Data for this exercise —
════════════════
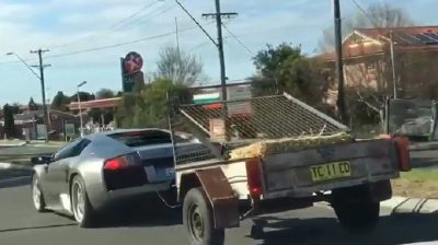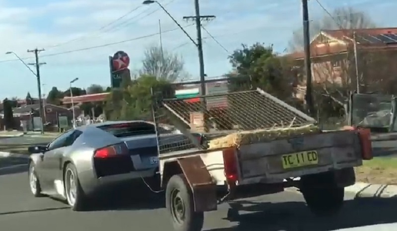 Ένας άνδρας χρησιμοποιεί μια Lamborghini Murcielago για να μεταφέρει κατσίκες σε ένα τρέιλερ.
════════════════
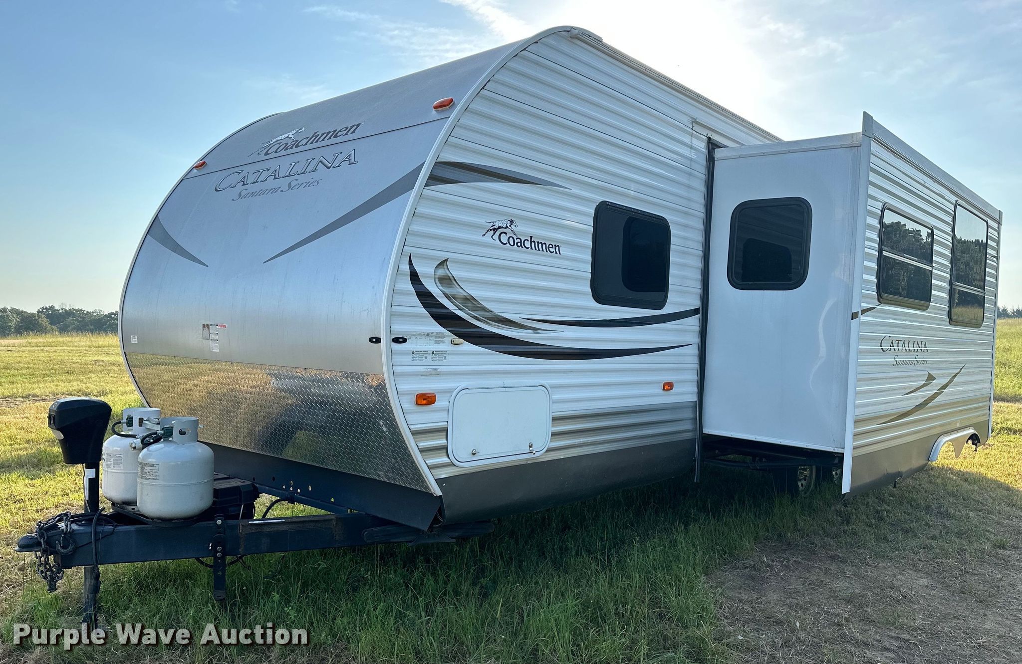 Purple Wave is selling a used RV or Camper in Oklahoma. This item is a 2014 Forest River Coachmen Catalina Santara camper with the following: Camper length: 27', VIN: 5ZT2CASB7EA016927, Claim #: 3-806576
════════════════
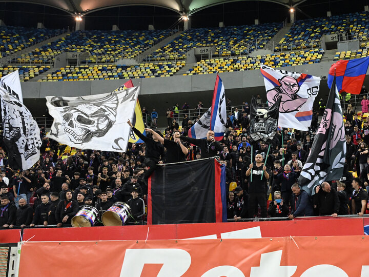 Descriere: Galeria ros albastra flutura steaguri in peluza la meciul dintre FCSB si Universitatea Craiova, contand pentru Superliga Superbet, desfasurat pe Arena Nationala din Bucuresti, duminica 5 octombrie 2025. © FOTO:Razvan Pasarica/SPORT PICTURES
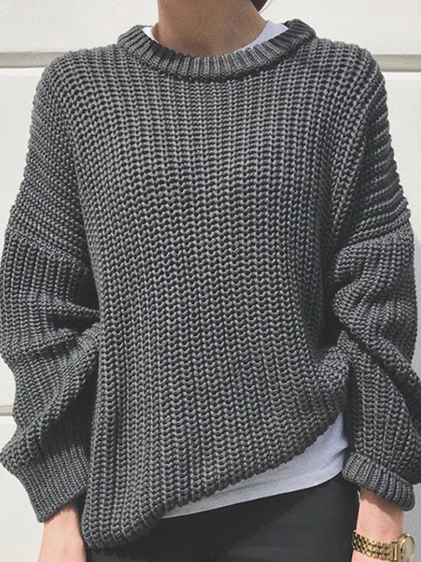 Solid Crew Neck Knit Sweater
════════════════
Aim of the exercise — Copy only what lies between the line with "Descriere: Galeria ros" and the line with "Solid Crew Neck Knit Sweater", those two lines included, exactly as given above; pictures stay out.

Output of the task —
 Descriere: Galeria ros albastra flutura steaguri in peluza la meciul dintre FCSB si Universitatea Craiova, contand pentru Superliga Superbet, desfasurat pe Arena Nationala din Bucuresti, duminica 5 octombrie 2025. © FOTO:Razvan Pasarica/SPORT PICTURES
 Solid Crew Neck Knit Sweater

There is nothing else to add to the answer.